- **Assigned task**
Please transcribe exactly the lines from the line holding "Connector pin function" through the end of the data below, and skip any pictures.

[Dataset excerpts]
++++

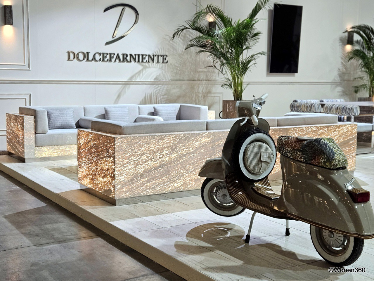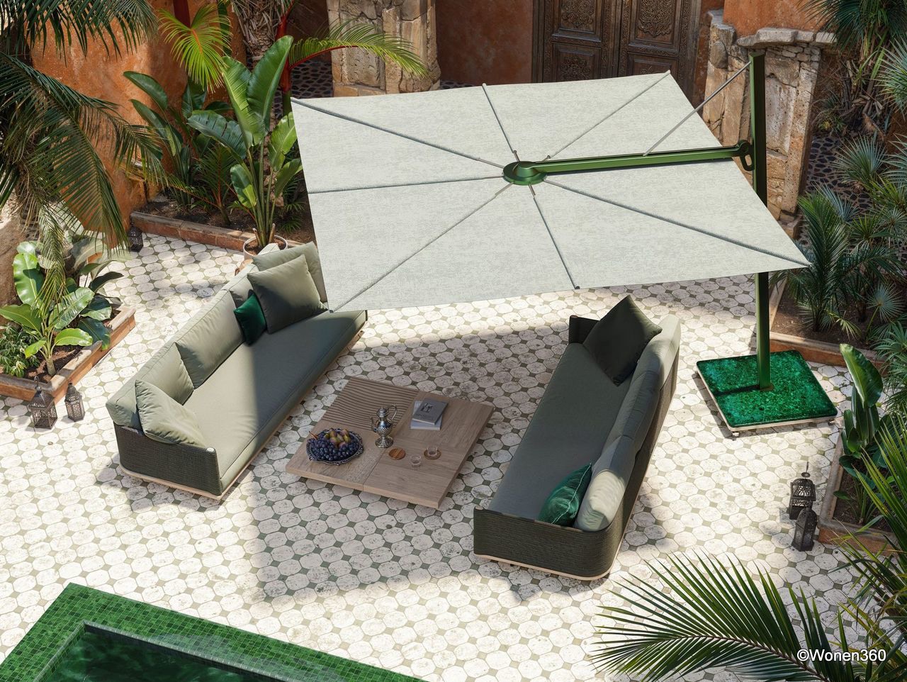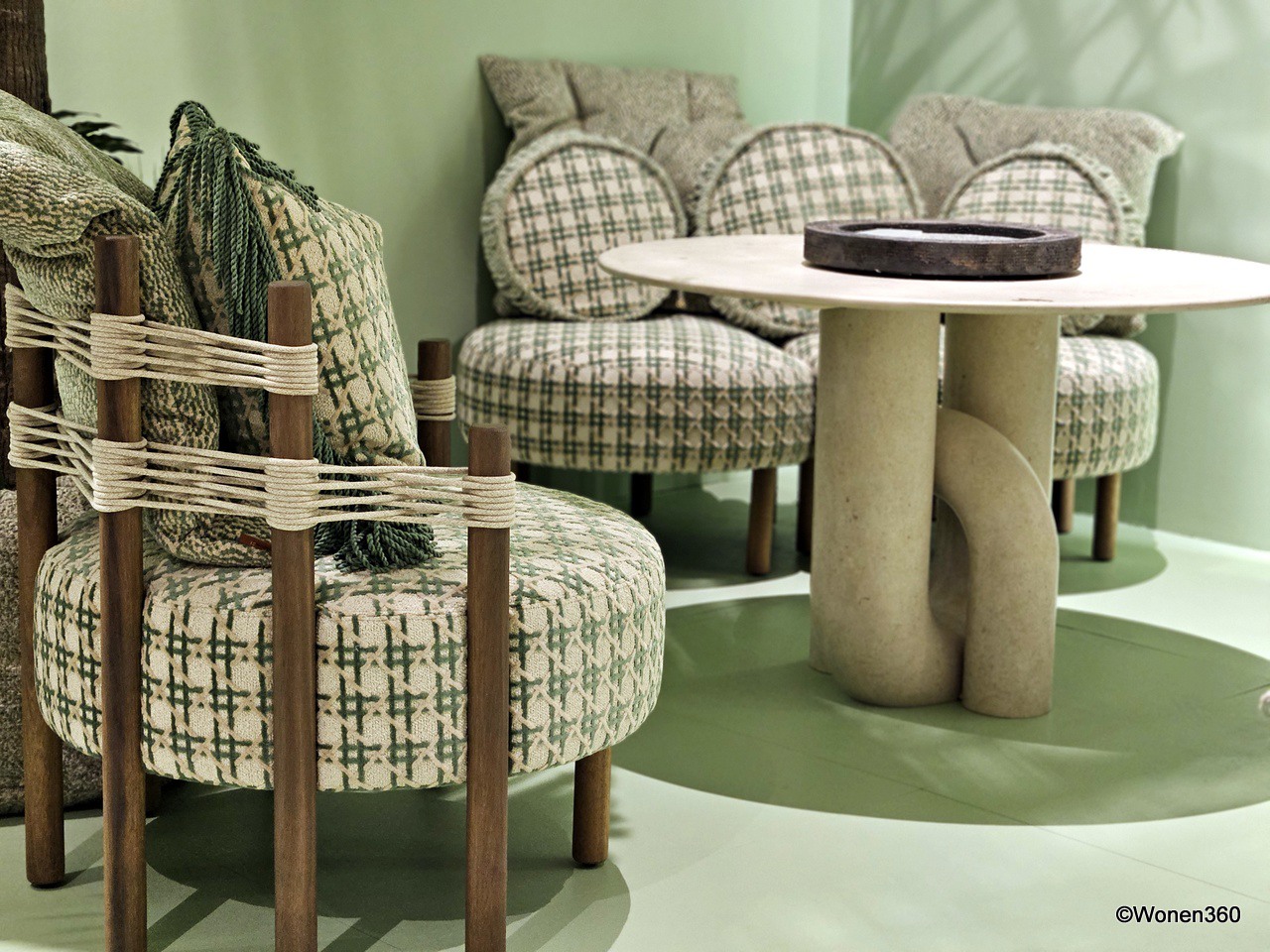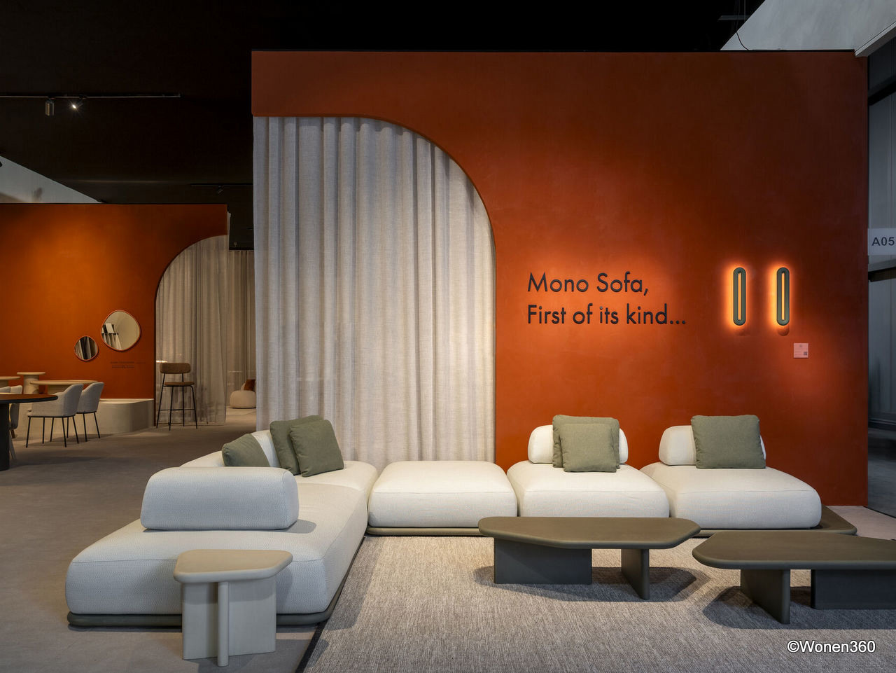 Amani, het pavilion van Renson, waar ook de haarden van Planika, de buitenmeubels van Coco Wolf en de buitenkeukens van Cubic Outdoor Living te vinden waren.
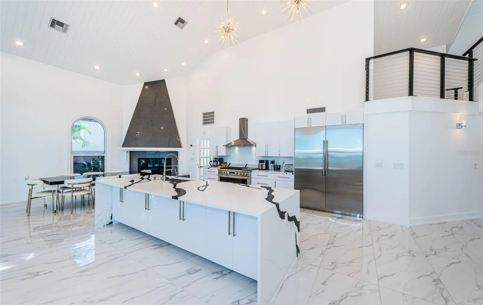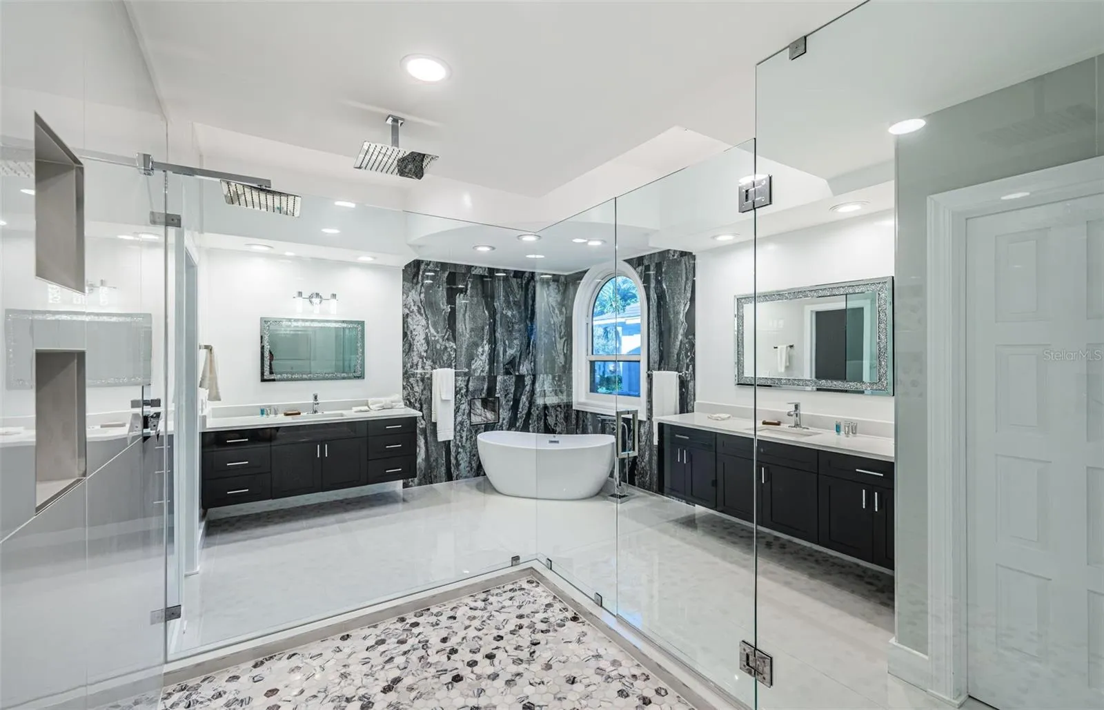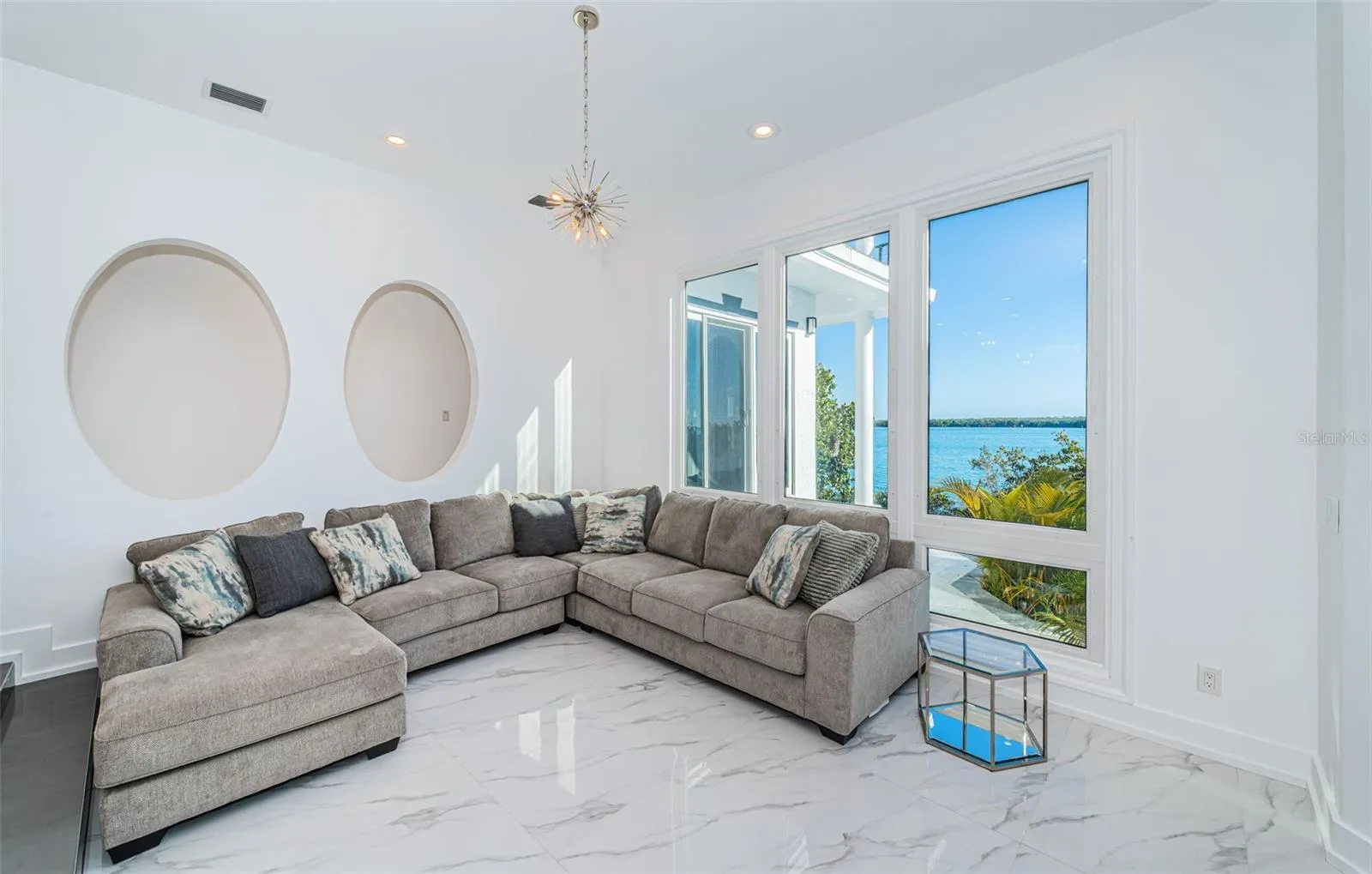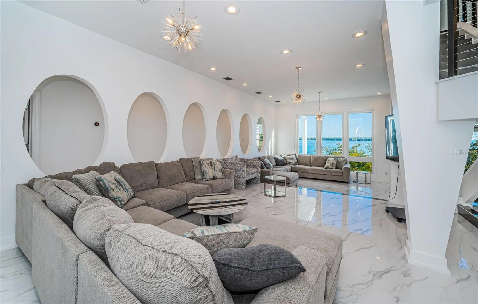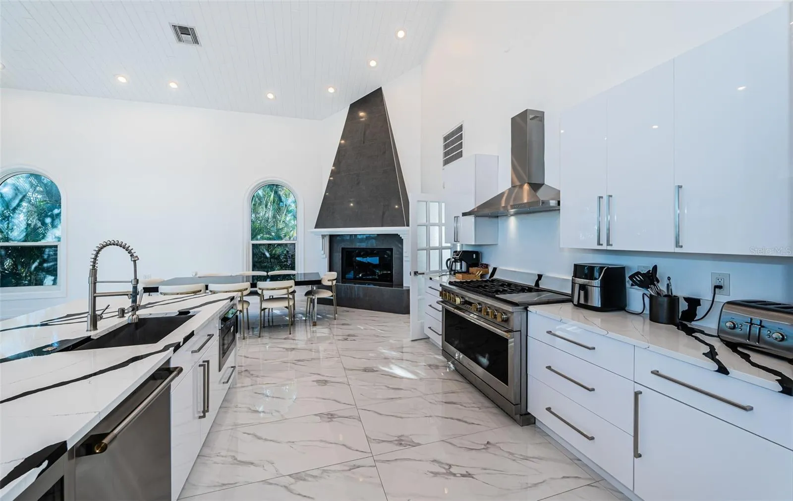 LOCATED IN ONE OF TAMPA BAY’S BEST BOATING COMMUNITIES, THIS DAZZLING 6 BEDROOM 6 ½ BATH WATERFRONT ESTATE PROVIDES AN IMPRESSIVE 6424 SQFT OF LIVING AREA. A grand circular driveway introduces a towering covered entry and a soaring 20ft-high foyer with lovely views of the waterfront. Magnificently remodeled with an inspiring coastal contemporary flare, you will be taken-back by striking large-format porcelain floors and luxury vinyl floors, high ceilings, unique geometric patterns and radiant modern lighting. Overlooking the waterfront, the sumptuous open-concept designer chef’s kitchen boasts 21ft-high ceilings, superb quartz counters, high-end SS appliances, built-in refrigeration, gas cooking, coastal white cabinetry, huge island bar/serving center with quartz waterfall counters, wine chiller and dedicated ice maker. Complementing the kitchen is a matching full appliance/full function butler’s pantry. Gas fireplace with custom mantle transitions to an open waterfront dining area and your back yard oasis. The well-appointed pool bath includes a posh walk-in glass rainshower enclosure. Your exceptional living room has wonderful waterviews and opens to the pool deck. You will appreciate the sizable executive office with fireplace and finely-tiled adjacent guest bath. The huge owner’s suite with expansive walk-in closet, has brilliant views of the intracoastal waterway and private access to the pool deck. The modern owner’s bath is truly stunning – elegant floor-to-ceiling tilework, two minimalistic vanities with quartz surfaces, stand-alone deluxe soaking tub, and an enormous walk-in glass rainshower enclosure with multiple rainshower heads. Isolated to a part of the home with separate exterior access, the spacious guest suite contains three closets and a beautifully-tiled full guest bath. Step up to the upper bedroom level with generously-sized loft overlooking the kitchen and the waterfront. Oversized matching waterfront bedrooms with walk-in closets, are joined by a gorgeous full bath, and share a 28ft-wide covered balcony with commanding views of the water. Two additional bedrooms are supported by a remarkably-luxurious full guest bath with floor-to-ceiling tilework, lavish dual vanities, stand-alone soaking tub, and an exquisite walk-in glass shower enclosure with dual shower systems. The upper-level bonus room – ideal as a game, fitness or media room – also features a splendid full bath. Step out back to the fabulous deck with its richly-tiled swimming pool and spa, and deck space for more than a dozen loungers. Attached to the home is an 18ft-high, 250sqft covered gazebo-like dining and lounging area with terrific views of the waterfront. Outside the owner bedroom is a 28ft-wide covered lounging/seating deck. Beyond the pool deck is the composite dock that walks you out to the open waterway. Home has a newer roof (2023) and a large laundry/utility room, and enjoys tremendous auxiliary storage space and substantial parking. This is an outstanding luxury waterfront value in one of the easiest commuting waterfront locations in all of Tampa Bay. Close to I275 – reach the beaches in 4 min, downtown St. Pete in 10 min, Tampa Airport in 25 min. and Sarasota in 40 minutes. Buyer to verify dimensions.
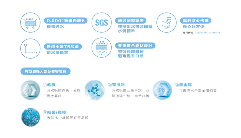 * 過濾孔孔徑僅0.0001微米,僅留純水
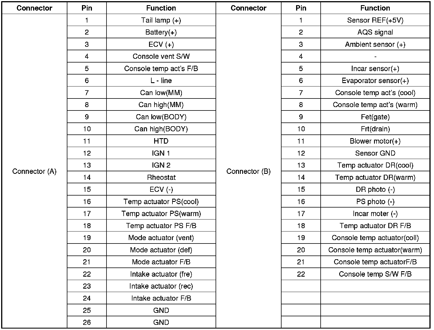 Connector pin function
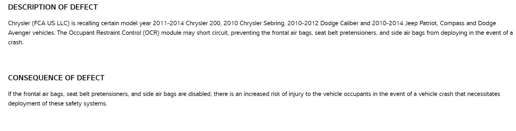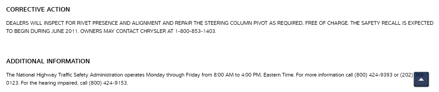 If you do bring it to a dealership, I wanted to advise you on two recalls for this car.

++++

- **Task solution**
 Connector pin function
 If you do bring it to a dealership, I wanted to advise you on two recalls for this car.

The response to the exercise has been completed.